(About this exercise) Could you print the stretch of lines below from the one with "A vibrant arrangement" through the one with "This versatile set", exactly as they stand and without any pictures?

(Records to use)

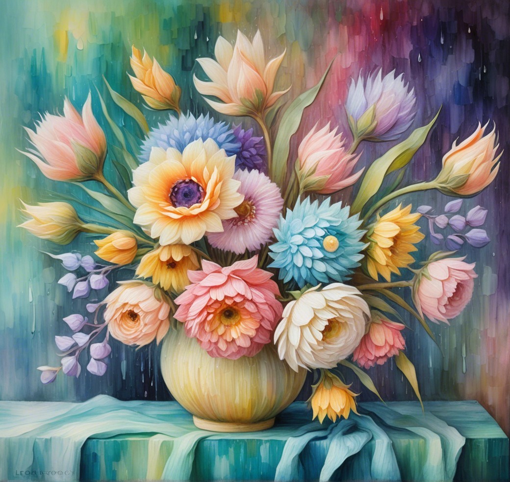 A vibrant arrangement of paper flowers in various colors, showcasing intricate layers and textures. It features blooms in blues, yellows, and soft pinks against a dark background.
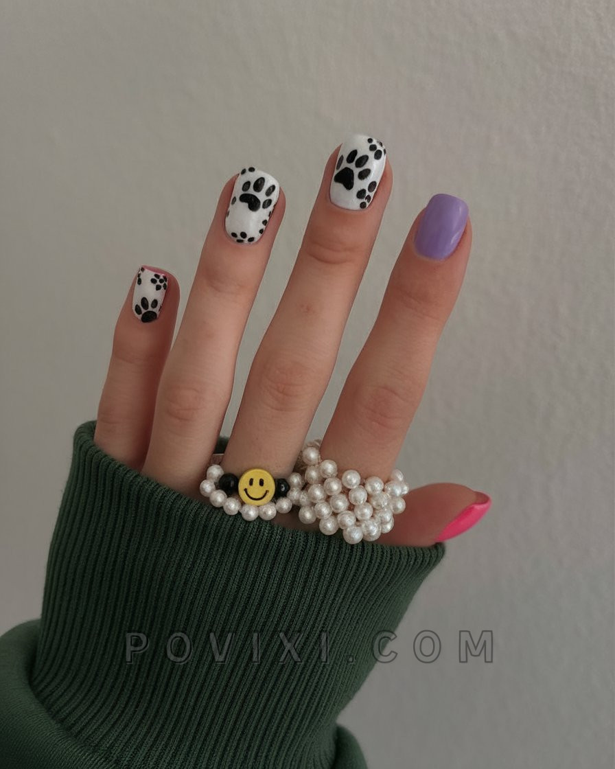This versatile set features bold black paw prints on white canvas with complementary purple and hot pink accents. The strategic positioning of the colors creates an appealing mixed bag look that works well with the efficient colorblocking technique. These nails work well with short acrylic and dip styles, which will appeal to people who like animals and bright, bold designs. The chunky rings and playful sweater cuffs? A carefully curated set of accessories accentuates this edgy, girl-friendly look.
==
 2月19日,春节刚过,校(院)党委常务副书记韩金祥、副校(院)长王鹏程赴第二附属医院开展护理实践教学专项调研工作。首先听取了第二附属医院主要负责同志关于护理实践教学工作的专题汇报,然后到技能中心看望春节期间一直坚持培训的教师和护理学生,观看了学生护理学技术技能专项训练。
---
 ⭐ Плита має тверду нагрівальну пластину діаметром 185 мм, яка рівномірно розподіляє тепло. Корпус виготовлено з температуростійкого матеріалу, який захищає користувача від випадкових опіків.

(Result of the task)
 A vibrant arrangement of paper flowers in various colors, showcasing intricate layers and textures. It features blooms in blues, yellows, and soft pinks against a dark background.
This versatile set features bold black paw prints on white canvas with complementary purple and hot pink accents. The strategic positioning of the colors creates an appealing mixed bag look that works well with the efficient colorblocking technique. These nails work well with short acrylic and dip styles, which will appeal to people who like animals and bright, bold designs. The chunky rings and playful sweater cuffs? A carefully curated set of accessories accentuates this edgy, girl-friendly look.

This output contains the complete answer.